Fig. 1. Monthly CT incidence (1/100 000) from January 2008 to June 2019 in Shenzhen and long-term trend, seasonal fluctuation and random fluctuation. (a) The actual CT incidence from January 2008 to June 2019; (b) the decomposed trend trait of CT incidence; (c) the decomposed seasonal trait of CT incidence and (d) the decomposed random fluctuation trait of CT incidence.

Fig. 2. Seasonal indices of CT incidence from January to December in Shenzhen. It can be seen that the incidence of CT mostly peaked in May, and reached the trough in January and February.

SARIMA model

After using a first-order non-seasonal difference (d = 1) and a first-order seasonal difference (D = 1, s = 12), the result of the ADF test (p = 0.01) showed that the ACF and PACF of the new data tended to be stationary, as also shown in Figure 3. To diagnose the fitness of the model, following criteria should be satisfied: (1) the residuals were distributed with a mean of zero and a constant variance in the standardised residuals; (2) there was no significant deviation from a zero mean white noise process in the ACF of the residuals; (3) the P value for the Ljung–Box statistic was greater than 0.05, which means that the null hypothesis of independence for this residual series cannot be rejected and (4) the normal QQ plot of the residuals of the model was normal distributed. We compared AIC values and SBC values of 40 models (Supplementary Table S1) and the SARIMA (0.1,1)(0.1,1)12 model was selected as the optimal model with the lowest SBC (SBC = 444.26) and relatively low AIC (AIC = 436.08). Estimated parameters and the Ljung–Box test of the optimal model are shown in Table 1 and all the parameters in the SARIMA (0.1,1)(0.1,1)12 model were statistically significant. Besides, the results from the Ljung–Box tests (Q = 0.358, P = 0.549) indicated that the residual series of these models belong to white noise. Figure 4 shows the graphical diagnostics for assessing the SARIMA (0.1,1) (0.1,1)12 model fit, and it fitted well according to the above criteria. Figure 5 shows that the observed values and predicted values of the SARIMA (0.1,1) (0.1,1)12 model matched well, with the actual incidence falling within the predicted 95% CI. The equation of the SARIMA (0.1,1) (0.1,1)12 model was shown as yt = ((1 + 0.634B) × (1 + 0.867B12) × ɑt)/((1 − B) × (1 − B)12).

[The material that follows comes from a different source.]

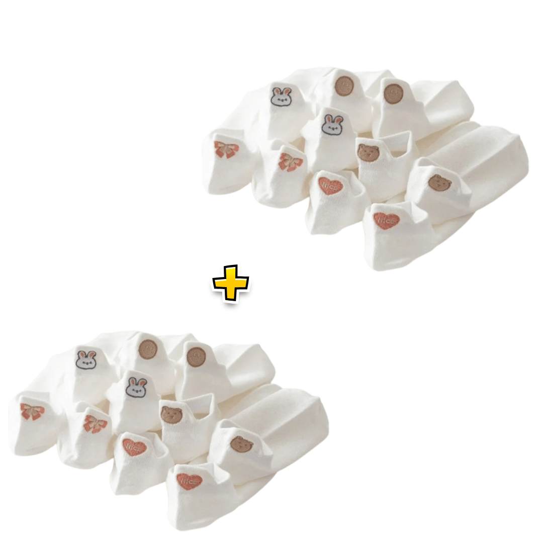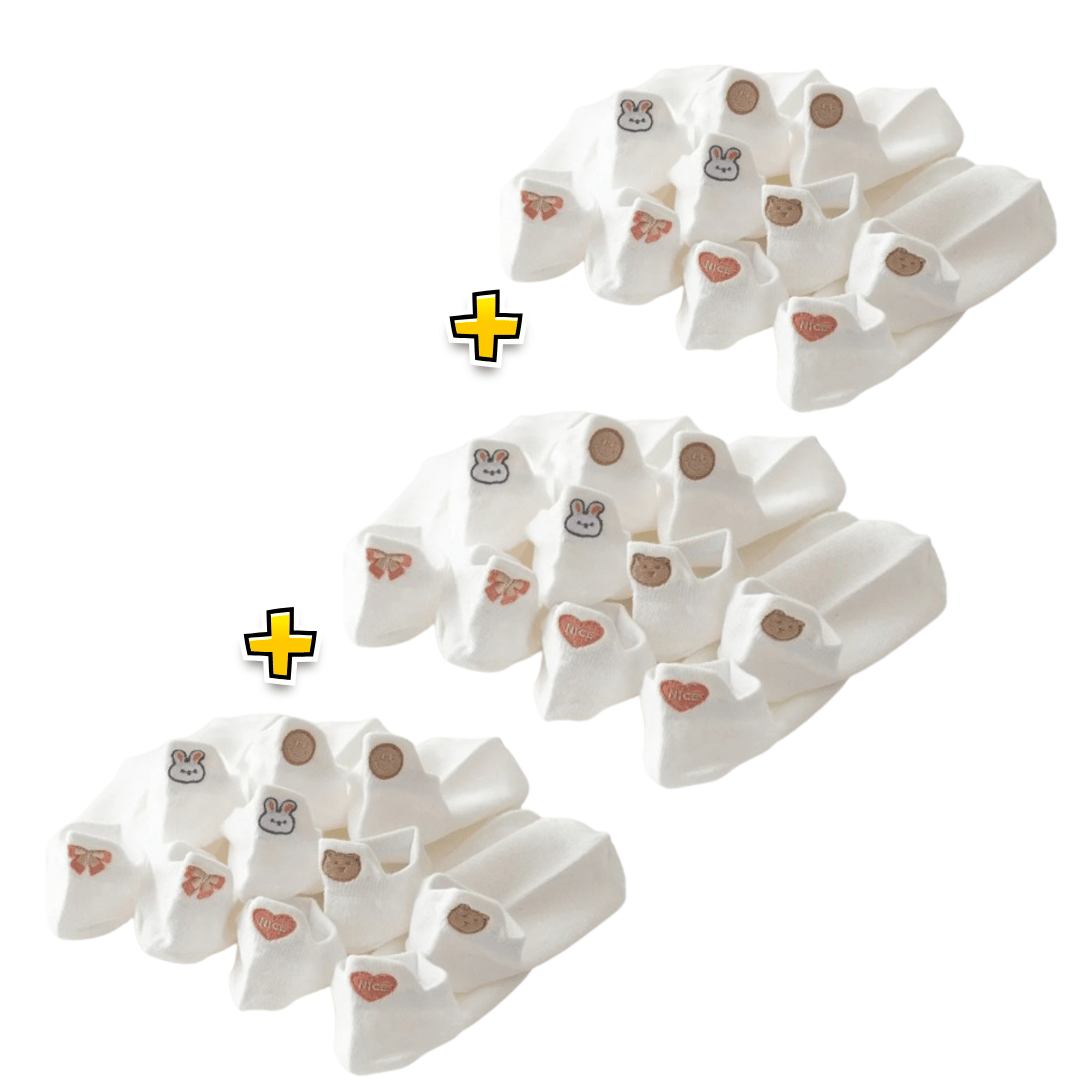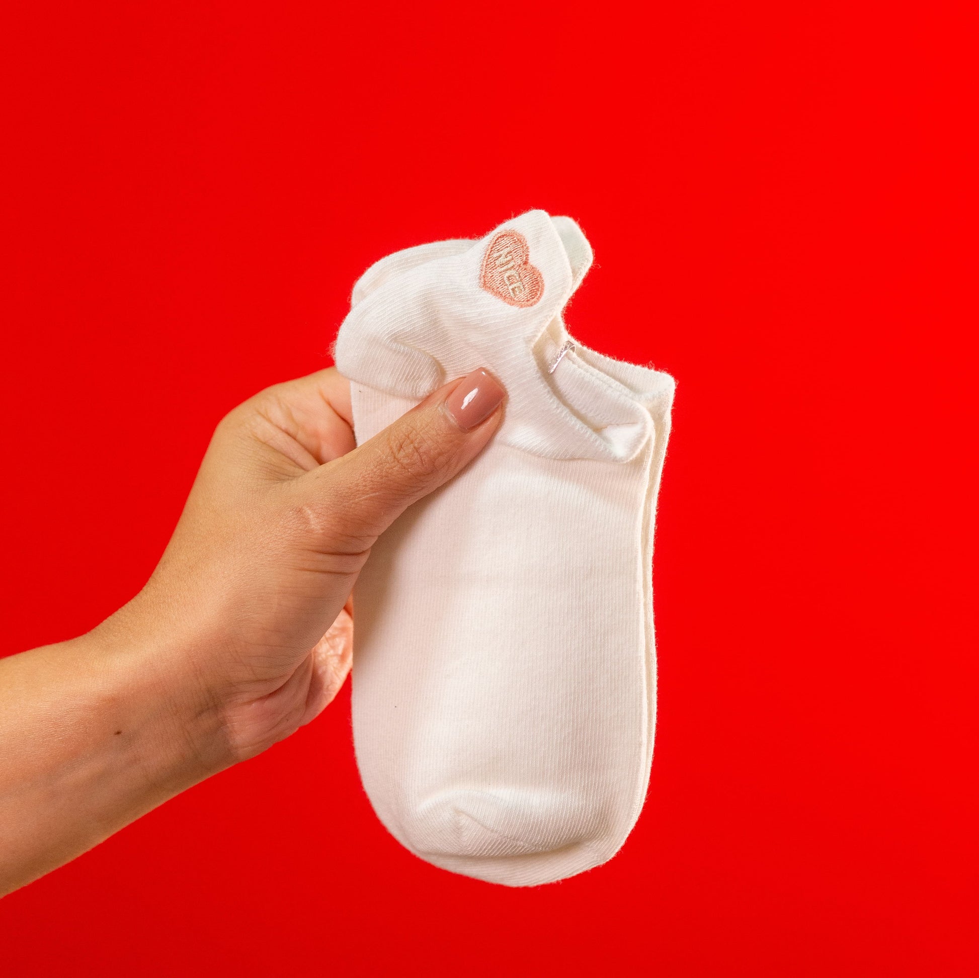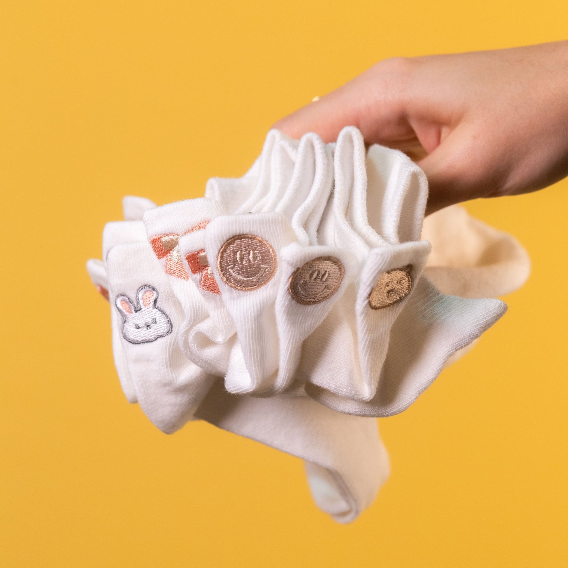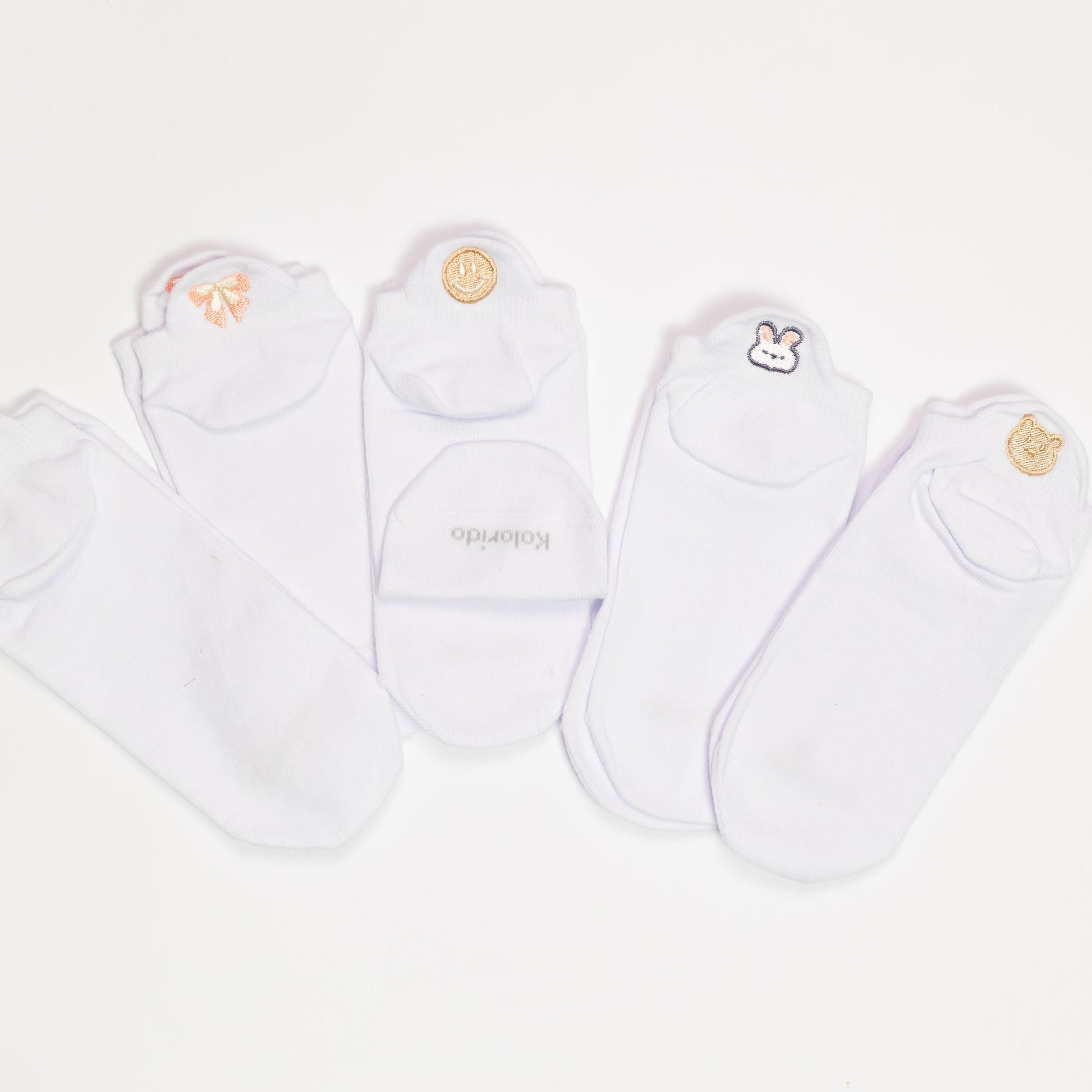 Meias brancas com proteção no calcanhar, kit com 5 pares com diferentes bordados

Fig. 3. The standardised residual plot (a), ACF (b) and PACF (c) of the series after a first-order non-seasonal difference and first-order seasonal difference. ACF, autocorrelation function; PACF, partial autocorrelation functions.

Fig. 4. SARIMA (0.1,1)(0.1,1)12 model diagnosis. (a) Standardised residual plot; (b) ACF of the errors at various lags; (c) P values for Ljung–Box statistic and (d) normal Q–Q plot. SARIMA, seasonal autoregressive integrated moving average; ACF, autocorrelation function.

Fig. 5. Actual CT incidence from January 2008 to June 2019 in Shenzhen and predicted CT incidence of the SARIMA (0.1,1)(0.1,1)12 model from July 2018 to June 2019. The observed values and predicted values of the SARIMA (0.1,1) (0.1,1)12 model matched well with the actual incidence falling within the predicted 95% confidence interval (CI). SARIMA, seasonal autoregressive integrated moving average.

Table 1. Estimated parameters and the Ljung–Box test in the optimal SARIMA model

SARIMA, seasonal autoregressive integrated moving average; MA1, moving average, lag1; SMA1, seasonal moving average, lag1.

Performance of the optimal model

The simulating power and the predictive power of the optimal model are shown in Table 2. The MAPE between the predicted values and the actual values was 8.08% in the hold-out period. The predicted values from July 2018 to June 2019 are shown in Table 3. The relative error in February 2019 was relatively high but the actual incidence in February 2019 still fell within the predicted 95% confidence interval.

Table 2. In-sample fitting and out-of-sample predicting performance in the optimal model

SARIMA, seasonal autoregressive integrated moving average; MAE, mean absolute error; ME, mean error; MAPE, mean absolute percentage error; RMSE, root mean square error.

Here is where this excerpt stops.